An increase in cable television tariffs last February has been blamed for a fall in subscriptions and in the average revenue per subscriber, according to the first annual report of the Malta Communications Authority, just published. Tariffs increased...

An increase in cable television tariffs last February has been blamed for a fall in subscriptions and in the average revenue per subscriber, according to the first annual report of the Malta Communications Authority, just published.

Tariffs increased by 4.86 per cent in February 2002 and subscriptions fell by 1.3 per cent in the second quarter of the year. The authority said that the increase may have been the principle cause of the fall in subscriptions. Subscribtions had previously been rising on an annual rate of over five per cent.

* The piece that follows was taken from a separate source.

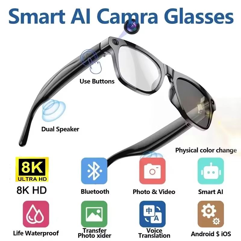 Step into the future with the AI Smart Camera Glasses, a groundbreaking device that combines the convenience of smart glasses with the power of advanced technology. These glasses are not just a fashion statement; they are a tool that enhances your daily life. With an 8K HD camera, you can capture crystal-clear images and videos, ensuring that every moment is preserved in stunning detail. The Bluetooth 5.3 connectivity provides a stable and reliable connection, allowing you to seamlessly make calls, use voice assistants, and enjoy music without any interruptions.

Notwithstanding the increase in prices, the average revenue per subscriber fell by 0.83 per cent between June 2001 and the same month in 2002 as a number of subscribers downgraded from the premium service to basic, the report says.

(Later this year Melita Cable submitted another request to raise its charges but the MCA turned it down, arguing that it was not justified on a cost basis. The biggest proposed increase would have been for the reception and entry rates).

The report says the percentage of households served by the cable TV network at the end of 2001 was 71 per cent, compared to 60 per cent in Sweden, 65 per cent in Denmark and 70 per cent in Germany.

The MCA said one of the key tenets of a competitive environment was the principle of access. "Open access" it explained, was a term usually used in relation to cable TV networks that have been upgraded to two-way systems in order to support data services and/or cable telephony provided by multiple operators.

The authority said that over the past year it had set up a project group jointly with Melita Cable to investigate possible approaches to open access from the technical, logistical and regulatory standpoints. Should Melita Cable be deemed to have a dominant market position in the data transport sector, it would be expected to offer access to its network to other service providers at cost-based rates.

"However, achieving this is subject to being able to overcome significant technical and operational hurdles."

The cable TV sector was liberalised in June 2001. Subsequently Techinvest Ltd lodged an application for a licence to operate cable and data services in Malta.

The MCA said it encouraged new commercial initiatives in the telecommunications sector and it was seeking to establish a regulatory framework that facilitated new applications within the parameters established by the law.

Elsewhere in its report the MCA discusses fixed and mobile telephony.

It said the fixed telephony sector was characterised by relatively high rates for international calls, but local call prices compared well with those charged in the EU.

"The implications are that the fixed telephony sector needs to improve on quality and price, with resultant beneficial fallout on the rest of the economy."

Once Maltacom's monopoly of the international gateway came to an end at the end of this year, other operators would be in a position to establish and maintain telecommunications systems between Malta and other countries, it said.

"An additional gateway is a critical milestone in the opening up of the telecommunications sector. It will afford critical redundancy in the event of a breakdown in the existing single link. It creates the impetus for the generation of further competition in the market, which will in turn provide customers with better quality of service, choice and value for money. Moreover, having the requisite resilience in the international link renders Malta a more attractive inwards investment destination."